SELECT c FROM sbtest1 WHERE id=2428336;
Finally, there is the MySQL Audit Log, which is part of the MySQL Enterprise offering and format-compatible Percona Server for MySQL Audit Log Plugin. This is designed for auditing access to the server, and as such it has matched details in the log. Unlike the first two log formats, it is designed first and foremost to be machine-readable and supports JSON, XML and CVS output formats:
{“audit_record”:{“name”:”Query”,”record”:”743017006_2018-03-31T01:03:12″,”timestamp”:”2018-03-31T15:53:42 UTC”,”command_class”:”select”,”connection_id”:”2394″,”status”:0,”sqltext”:”SELECT SUM(k) FROM sbtest1 WHERE id BETWEEN 3 AND 102″,”user”:”sbtest[sbtest] @ localhost []”,”host”:”localhost”,”os_user”:””,”ip”:””,”db”:”sbtest”}}
{“audit_record”:{“name”:”Query”,”record”:”743017007_2018-03-31T01:03:12″,”timestamp”:”2018-03-31T15:53:42 UTC”,”command_class”:”select”,”connection_id”:”2394″,”status”:0,”sqltext”:”SELECT c FROM sbtest1 WHERE id BETWEEN 2812021 AND 2812120 ORDER BY c”,”user”:”sbtest[sbtest] @ localhost []”,”host”:”localhost”,”os_user”:””,”ip”:””,”db”:”sbtest”}}
{“audit_record”:{“name”:”Query”,”record”:”743017008_2018-03-31T01:03:12″,”timestamp”:”2018-03-31T15:53:42 UTC”,”command_class”:”select”,”connection_id”:”2394″,”status”:0,”sqltext”:”SELECT DISTINCT c FROM sbtest1 WHERE id BETWEEN 1 AND 100 ORDER BY c”,”user”:”sbtest[sbtest] @ localhost []”,”host”:”localhost”,”os_user”:””,”ip”:””,”db”:”sbtest”}}
As you can see, there are substantial differences in the purposes of the different MySQL log formats, along with the information they provide.
Why analyze raw MySQL query logs
In my opinion, there are two main reasons to look directly at raw log files without aggregation (you might find others):

Auditing, where the Audit Log is useful (Vadim recently blogged about it)

Advanced MySQL/application debugging, where an aggregated summary might not allow you to drill down to the fullest level of detail

When you’re debugging using MySQL logs, the Slow Query Log, set to log all queries with no sampling, is the most useful. Of course, this can cause significant additional overhead in many workloads, so it is best to do it in a development environment (if you can repeat the situation you’re looking to analyze). At the very least, don’t do it during peak time.
For Percona Server for MySQL, these options ensure it logs all queries to the query log with no sampling:
log_output=file
slow_query_log=ON
long_query_time=0
log_slow_rate_limit=1
log_slow_verbosity=full
log_slow_admin_statements=ON
log_slow_slave_statements=ON
slow_query_log_always_write_time=1
Now that we have full queries, we can easily use Linux command line tools like grep and others to look into what is going on. However, many times this isn’t always convenient. This is where loading logs into storage that you can conveniently query is a good solution.

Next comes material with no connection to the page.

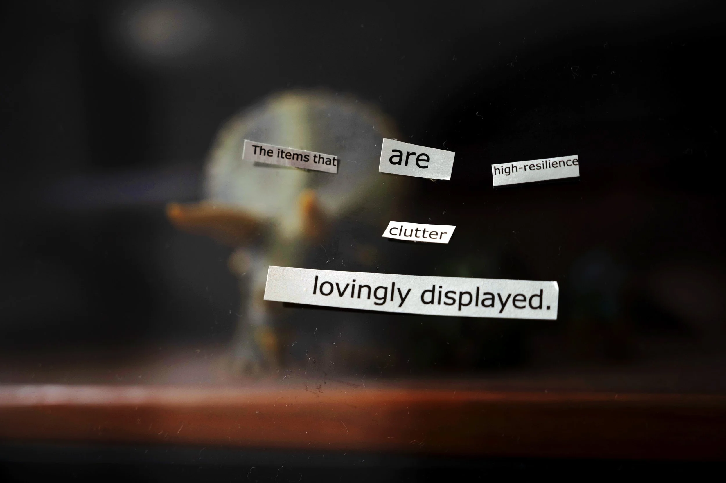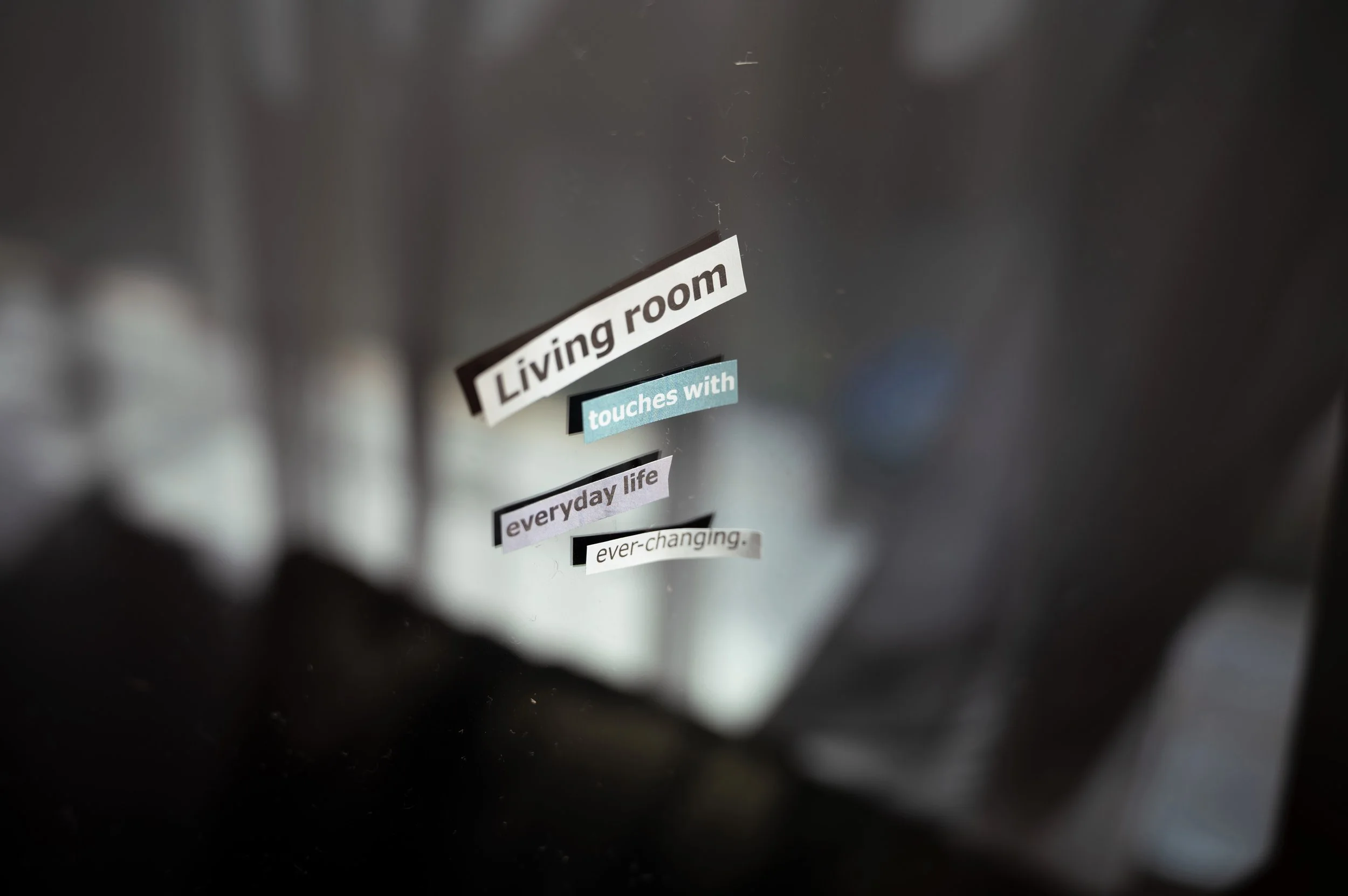 This body of work focuses on the materiality of the share house through photography, while also highlighting the tension of the share house being seen as a “temporary” and “impermanent” space. Utilising a plastic frame that is both transparent and reflective. This technique shifts the share house into a mixture of textures, shapes, light, and shadow, changing the way we view familiar elements such as staircases, hanging laundry, curtains, everyday objects, etc. The frame also captures dust, which is the ultimate amalgamation of the share house's materiality, as the dust is made up of everyone and everything in the space, both past and present. The works also incorporate “fridge magnet” poems created from text cut out of Ikea catalogues. Throughout the body of work, the poems focus on the textuality, tensions, and, at times, the absurdity of home spaces. The text is affixed to the physical frame, creating an in-image collage and adding its own material dimension to the images.

Let’s look into some specific and interesting cases.
Were any queries killed?
SELECT
   _time,
   query,
   query_time
FROM mysql_slow_log
WHERE killed > 0
┌───────────────_time─┬─query───────────────────────────────┬─query_time─┐
│ 2018-04-02 19:02:56 │ select benchmark(10000000000,”1+1″) │  10.640794 │
└─────────────────────┴─────────────────────────────────────┴────────────┘
1 rows in set. Elapsed: 0.242 sec. Processed 929.14 million rows, 1.86 GB (3.84                                         billion rows/s., 7.67 GB/s.)
Yes. A query got killed after running for 10 seconds.

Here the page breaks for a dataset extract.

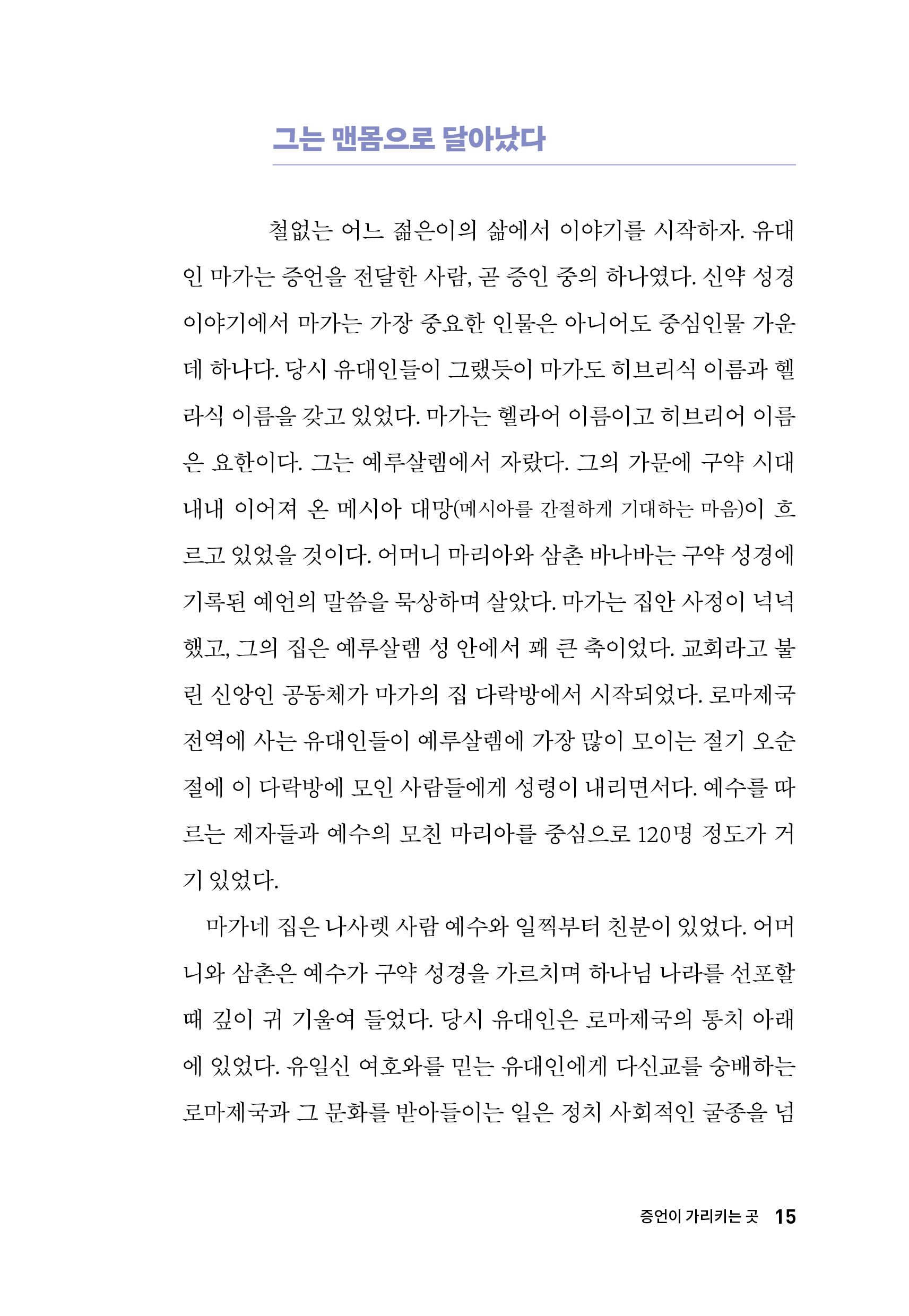 그들은 그렇게 그 시대에 예수, 또 그가 전한 메시지를 전하는 ‘증거자’가 되어. 예수의 삶과 죽음, 부활과 승천을 전하며 세상에 교회를 등장시켰다. 그리고 교회가 된 그들은 로마치하에서 벌어졌던 갖은 고난과 사람들 사이의 갈등을 극복해냈다. 그들은 특별하지 않았다. ‘성인(聖人)’이라기 보다는 ‘증인(證人)’이었다. 보고 들은 것을 말하지 않을 수 없었고, 그들이 보고 듣고 만났던 예수의 말씀은 ‘삶의 근본적인 변화’를 요청했기에 그대로 살아내려 애썼을 뿐이다.

Did any query fail? With what error codes?
SELECT
   error_num,
   min(_time),
   max(_time),
   count(*)
FROM mysql_slow_log
GROUP BY error_num
┌─error_num─┬──────────min(_time)─┬──────────max(_time)─┬───count()─┐
│         0 │ 2018-04-02 18:59:49 │ 2018-04-07 19:39:27 │ 925428375 │
│      1160 │ 2018-04-02 19:02:56 │ 2018-04-02 19:02:56 │         1 │
│      1213 │ 2018-04-02 19:00:00 │ 2018-04-07 19:18:14 │   3709520 │
│      1054 │ 2018-04-07 19:38:14 │ 2018-04-07 19:38:14 │         1 │
└───────────┴─────────────────────┴─────────────────────┴───────────┘
4 rows in set. Elapsed: 2.391 sec. Processed 929.14 million rows, 7.43 GB (388.64 million rows/s., 3.11 GB/s.)
You can resolve error codes with the perror command:
root@rocky:~# perror 1054
MySQL error code 1054 (ER_BAD_FIELD_ERROR): Unknown column ‘%-.192s’ in ‘%-.192s’

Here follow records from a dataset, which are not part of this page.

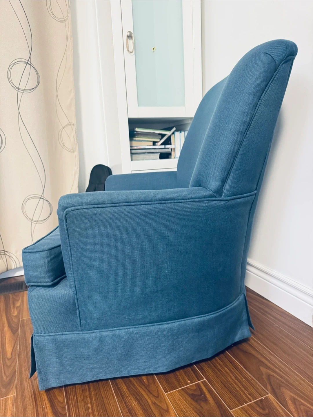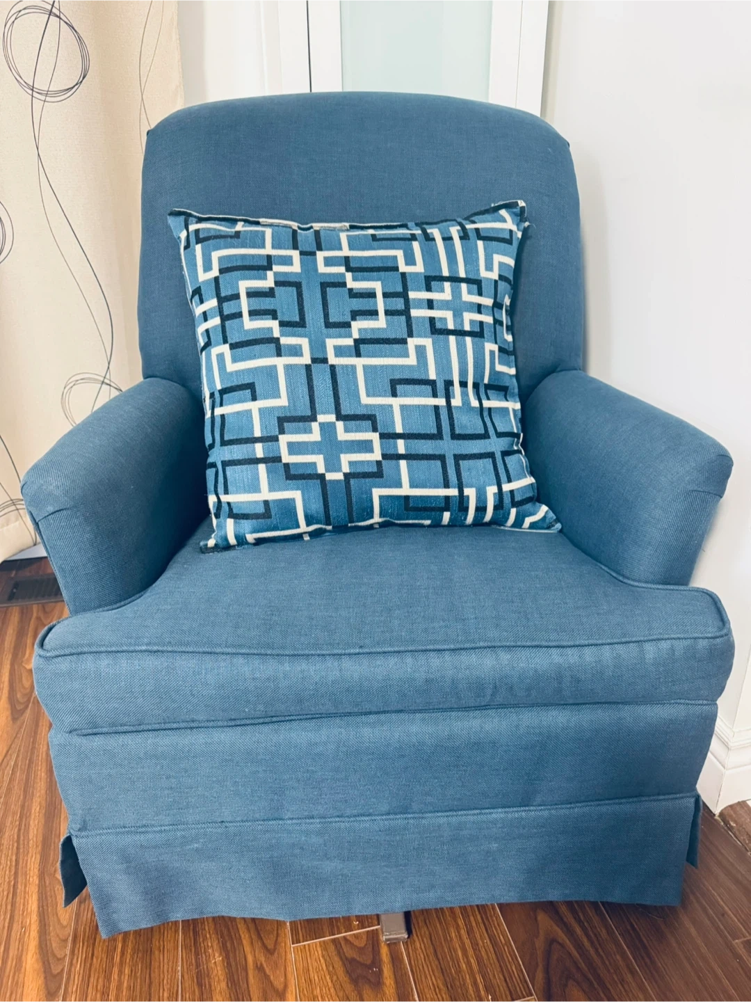 Buy & SellBlue Upholstered Swivel Glider ChairBlue Upholstered Swivel Glider Chair$50Comfortable blue upholstered swivel glider chair. Perfect for a nursery or living room. Come with a cushion pillow. Great condition!ConditionLike newWHERE TO MEETCheck LocationView MapSELLERverifiedKobayashiMarkham Central E853 reviews1 chats·4 favorites·47 viewsSEND CHAT TO SELLERHi Kobayashi! I’m interested in your listing.Hi Kobayashi! I’m interested in your listing.Get the Karrot app to chatSign In to chat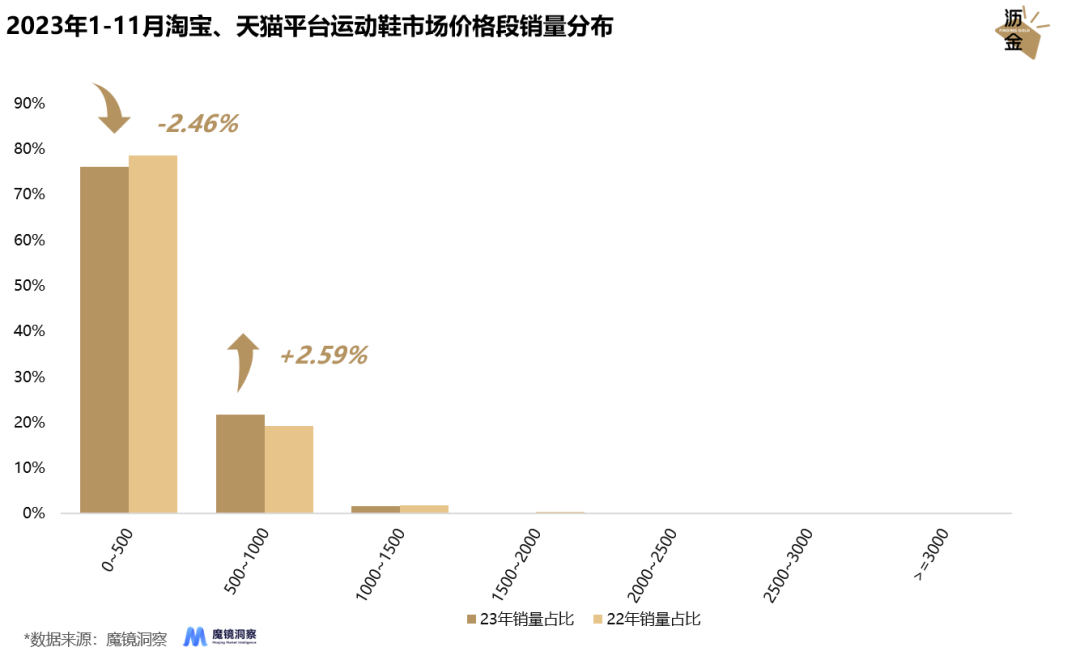 千元以下是運(yùn)動(dòng)鞋市場(chǎng)的主流價(jià)格段,其中0-500元銷量占比高達(dá)76%。
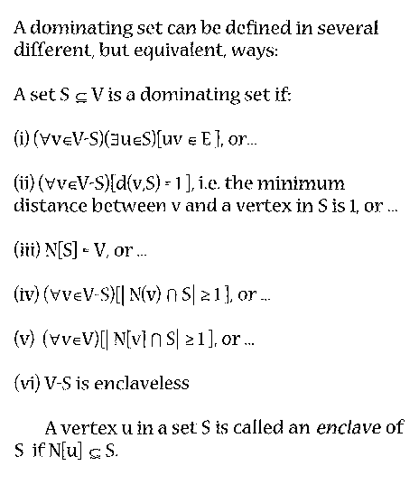 This suggests the following definition [Cockayne and Hedetniemi, 1977]: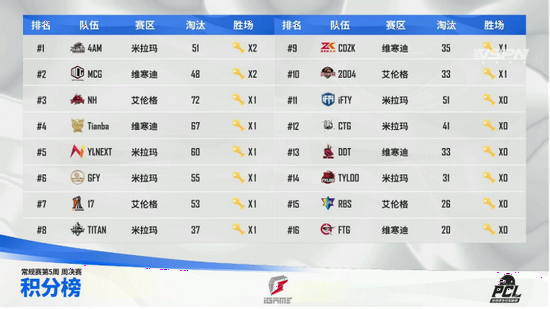 至此,常规赛的征程已经结束,晋级到季后赛的16支战队分别是NH、MCG、Tianba、4AM、17、YLNEXT、TYLOO、CDZK、iFTY、CTG、NanZ、GFY、TITAN、2004、PeRo、DDT。其中米拉玛赛区有7支队伍闯入季后赛,成为常规赛最亮眼的赛区。

This command has many uses. You can use it to hunt down application issues (like in this example of a missing column — likely due to bad or old code). It can also help you to spot SQL injection attempts that often cause queries with bad syntax, and troubleshoot deadlocks or foreign key violations.
Are there any nasty, long transactions?
SELECT
   transaction_id,
   max(_time) – min(_time) AS run_time,
   count(*) AS num_queries,
   sum(rows_affected) AS rows_changed
FROM mysql_slow_log
WHERE transaction_id != ”
GROUP BY transaction_id
ORDER BY rows_changed DESC
LIMIT 10
┌─transaction_id─┬─run_time─┬─num_queries─┬─rows_changed─┐
│ 17E070082      │ 0 │      1 │ 9999 │
│ 17934C73C      │ 2 │      6 │ 4 │
│ 178B6D346      │ 0 │      6 │ 4 │
│ 17C909086      │ 2 │      6 │ 4 │
│ 17B45EFAD      │ 5 │      6 │ 4 │
│ 17ABAB840      │ 0 │      6 │ 4 │
│ 17A36AD3F      │ 3 │      6 │ 4 │
│ 178E037A5      │ 1 │      6 │ 4 │
│ 17D1549C9      │ 0 │      6 │ 4 │
│ 1799639F2      │ 1 │      6 │ 4 │
└────────────────┴──────────┴─────────────┴──────────────┘
10 rows in set. Elapsed: 15.574 sec. Processed 930.58 million rows, 18.23 GB (59.75 million rows/s., 1.17 GB/s.)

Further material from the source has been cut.